The bees instantly began on both sides to excavate little basins near to each other, in the same way as before; but the ridge of wax was so thin, that the bottoms of the basins, if they had been excavated to the same depth as in the former experiment, would have broken into each other from the opposite sides.
The bees, however, did not suffer this to happen, and they stopped their excavations in due time; so that the basins, as soon as they had been a little deepened, came to have flat bases; and these flat bases, formed by thin little plates of the vermilion wax left ungnawed, were situated, as far as the eye could judge, exactly along the planes of imaginary intersection between the basins on the opposite side of the ridge of wax.

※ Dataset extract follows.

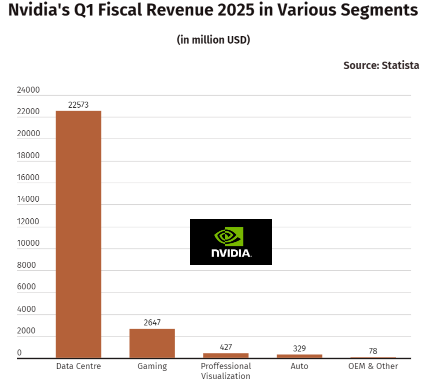De financiële prestaties van Nvidia blijven de verwachtingen overtreffen en laten een opmerkelijk groeitraject zien. Het succes is grotendeels te danken aan één dominante pijler: Nvidia's datacentersegment, dat voornamelijk de ontluikende AI-industrie bedient. Ondanks Nvidia's opmerkelijke vooruitgang in de datacentersector, blijft zijn gaming-erfenis een belangrijke bron van inkomsten. Volgens Stocklytics.com is de bijdrage van het gamingsegment echter afgenomen en vormt het nu slechts ongeveer 10 procent van de inkomsten die worden gegenereerd tussen februari en april 2024.

In some parts, only small portions, in other parts, large portions of a rhombic plate were thus left between the opposed basins, but the work, from the unnatural state of things, had not been neatly performed.
The bees must have worked at very nearly the same rate in circularly gnawing away and deepening the basins on both sides of the ridge of vermilion wax, in order to have thus succeeded in leaving flat plates between the basins, by stopping work at the planes of intersection.
Considering how flexible thin wax is, I do not see that there is any difficulty in the bees, whilst at work on the two sides of a strip of wax, perceiving when they have gnawed the wax away to the proper thinness, and then stopping their work.